Vorsorgevollmacht und Generalvollmacht: Das ist der Unterschied

Vorsorge­vollmacht und Generalvollmacht: Das ist der Unterschied

Vorsorge- und Generalvollmacht: Das sind die Unterschiede - Wir sorgen für Durchblick und klären und ob es nötig ist, beide Dokumente zu erstellen.

Till Oltmanns
Till Oltmanns
09.01.2018
Das Wichtigste in Kürze:
  • Vorsorge- und Generalvollmacht müssen sich nicht zwingend unterscheiden, oft werden beide Bezeichnungen synonym verwendet.
  • Bei Vollmachten gilt das Prinzip der Gestaltungsfreiheit, der Vollmachtgeber kann also selbst entscheiden, wofür er die Vollmacht erteilt - unabhängig davon, welche Bezeichnung er für seine Vollmacht wählt.
  • Oft werden die beiden Dokumente in Bezug auf ihren Detailgrad unterschieden: Die Vorsorgevollmacht definiert vor allem gesundheitliche Aspekte und Details eindeutiger.
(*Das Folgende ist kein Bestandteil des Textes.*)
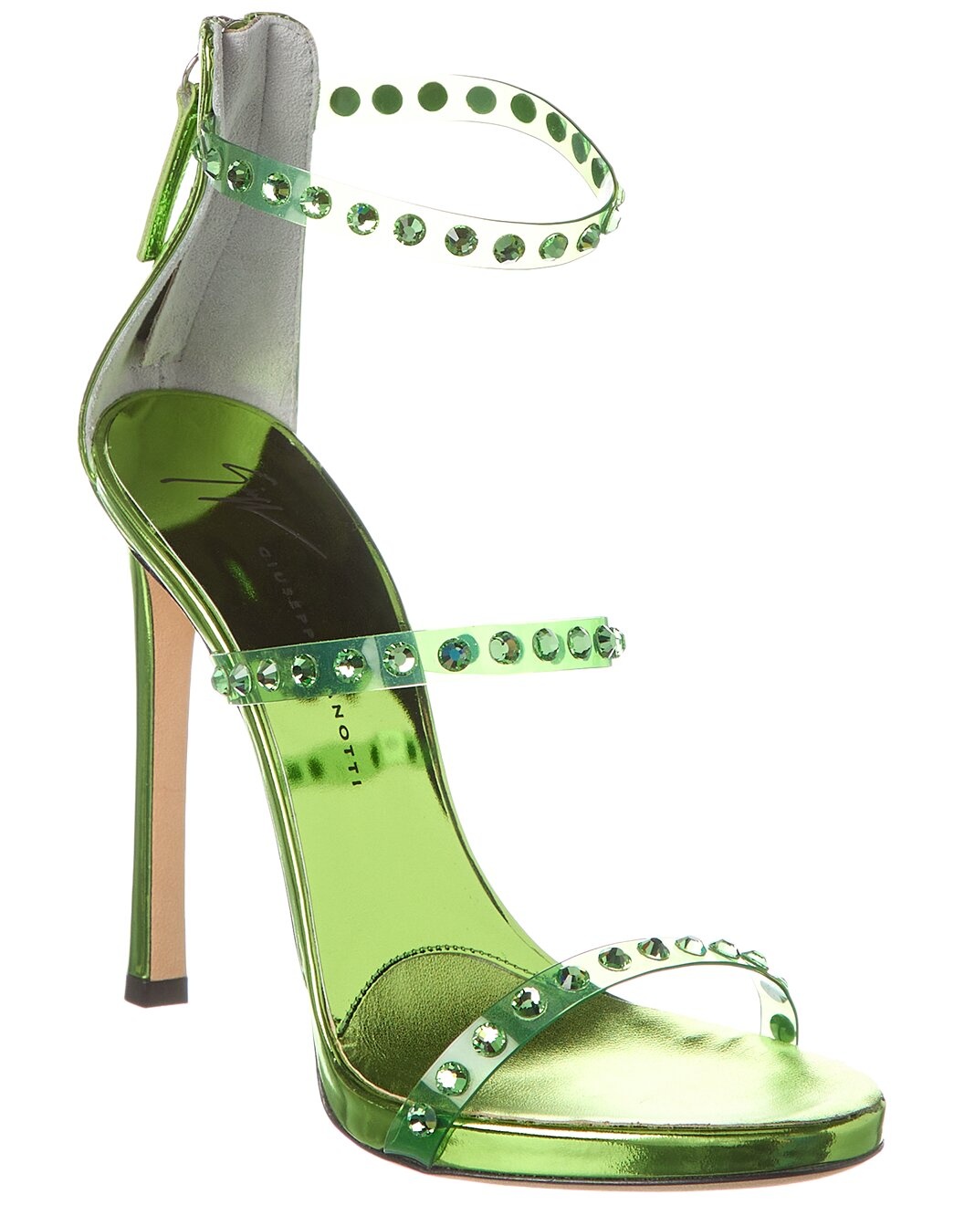 - About the brand: Glamourous & creative footwear and accessories with edge. - Please note: Size selections are European. For US conversions, please reference size chart. - Based on feedback from Members, this brand typically runs small. We suggest sizing up a half size for most styles. - Made in Italy - South 115 Vinyl Sandal in green transparent vinyl and silver-tone hardware with crystal embellishments - Center back zip-up closure - Lightly padded leather insole - Smooth leather sole - 5in heel - Please note: All measurements are approximate and were taken from a size 37; slight variations may occur. - WARNING: - CA Residents - Prop 65 - Our products are 100% genuine. In some cases we purchase merchandise from trusted independent suppliers and not directly from the brand owner. In all cases we stand by the authenticity of every product sold on our site.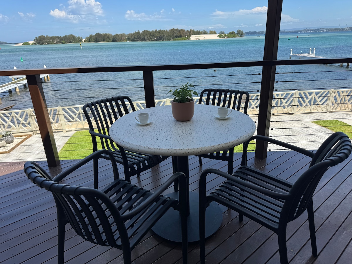 Nuestro encantador estudio está a solo 3 metros del borde de las aguas del lago Macquarie. Simplemente relájate y observa los yates navegar, unas vistas magníficas. Es bastante romántico sentarse a la luz de la luna y sentir la brisa del lago por la noche. Durante el día, es posible que quieras probar suerte en un lugar de pesca desde nuestro muelle o disfrutar de un paseo por la calle principal mirando a través de las tiendas boutique de Toronto a 2 minutos de distancia. Una fila de cafeterías/restaurantes gourmet frente al lago.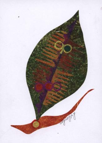 另一片在風中旅行的葉子告訴我:音符的翅膀之所以完全透明,是為了穿梭一切時空,夢的色彩之所以虛無,是為了隨時可以變換著色﹔我說:是的,我之所以要具體捕捉描繪它們,是為了在離開家之前,可以把自己變成一片透明的葉子,隨風自在的四處旅行!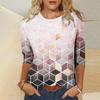 Женские повседневные летние топы с круглым вырезом и принтом, футболка с рукавом три четверти и круглым вырезом, блузка с цветочным принтом и разрезом по бокам, туника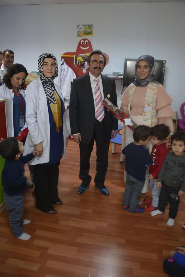 Darıca Farabi Devlet Hastanesi Yönetimi her yıl olduğu gibi 24 Kasım öğretmenler günü velilerimiz ile birlikte coşkulu bir şekilde kutladı. Kurum bünyesinde bulunan Darıca Farabi Devlet Hastanesi Kreş ve Gündüz Bakımevi; 5 öğretmen 2 yardımcı personel görevli olup 60 öğrenci kapasitesi ile hizmet veriyor. Kreşte bulunan öğretmen ve çalışanların kutlamalardan oldukça mutlu kaldığı gözlendi.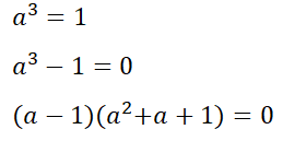 복잡해 보이지만 간단하게 a는 반시계 방향으로 120º 회전한 것을 의미합니다. a제곱의 경우 반시계로 120º도 두 번 회전한 것으로 반시계 방향 240º 회전 또는 시계방향 120º 회전한 것을 의미합니다. 그러니 a세제곱의 경우 자기 자리로 돌아오니 그대로 1이 되는 것입니다. 그 뒤의 식 같은 경우엔 다음을 통해 구할 수 있습니다.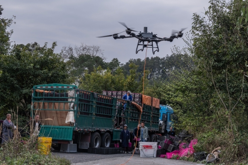 四川蒲江:采摘旺季山区果农用无人机转运耙耙柑下山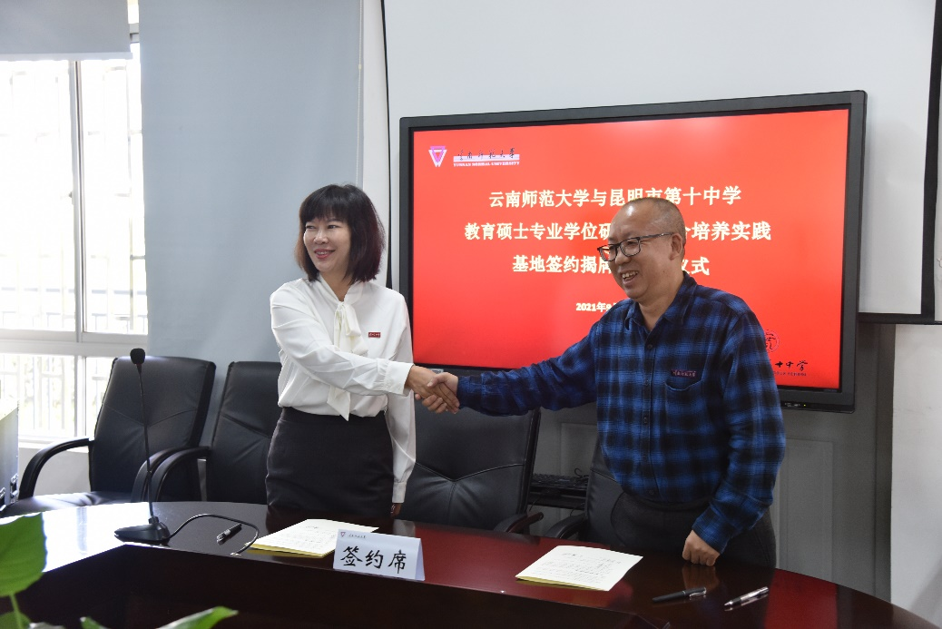 9月6日,FUN乐天使官方网站与昆明市第十中学教育硕士专业学位研究生联合培养实践基地签约揭牌暨开学仪式在昆明市第十中学顺利举行。fun88官网副校长安学斌,研究生院院长骆华松、副院长罗利佳,各相关学院主管领导、带队指导教师、教育硕士实习生;昆明市第十中学校长谢晓玲、副校长袁刚、副校长杨文波以及德育处、教务处、教学拓展中心、科教中心负责人出席仪式。仪式由研究生院骆华松院长主持。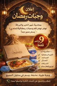 وجبات رمضان بمناسبة شهر الخير والبركة نوفر لكم وجبات رمضانية (مندي) بسعر مميز جدا الوجبة ب 9 دراهم فقط مناسبة ل الخيم الرمضانية المساجد العمال الشركات توزيع افطار صائم وجبة طيبة، مشبعة، وسعر في متناول الجميع أبوظبي

Vorsorgevollmacht und Generalvollmacht: Das sind die Unterschiede

Die Vielfalt der heute bestehenden Vorsorgemöglichkeiten macht es nicht einfacher, sich umfassend darüber zu informieren, wer Sie im Ernstfall auf welchem Gebiet vertreten darf. Gerade Eheleute vertrauen oftmals darauf, einander Generalvollmacht zu erteilen, weil sie davon ausgehen, dass damit alle maßgeblichen Entscheidungsbereiche abgedeckt sind. Dabei ist es besser, die richtige Vollmacht für den konkreten Fall aufzusetzen. Wir klären die Unterschiede zwischen verschiedenen Versionen der Vollmacht.

Was ist eine Vollmacht?

Mit einer Vollmacht berechtigen Sie einen oder mehrere Bevollmächtigte, Sie unter von Ihnen festgelegten Umständen in bestimmten Situation zu vertreten. Eine Vollmacht erteilen wir häufig auch im Alltag, z.B., wenn wir einen Bekannten bitten, ein Schriftstück für uns bei einer Behörde abzuholen. General- und Vorsorgevollmacht unterscheiden sich von anderen Vollmachten dadurch, dass sie insbesondere für den Fall gelten, dass der Vollmachtgeber seinen Willen nicht mehr selbst mitteilen kann. Damit ist ein enormer Vertrauensvorschuss verbunden, denn der Vollmachtgeber kann im Ernstfall nicht überprüfen, ob tatsächlich in seinem Interesse gehandelt wird.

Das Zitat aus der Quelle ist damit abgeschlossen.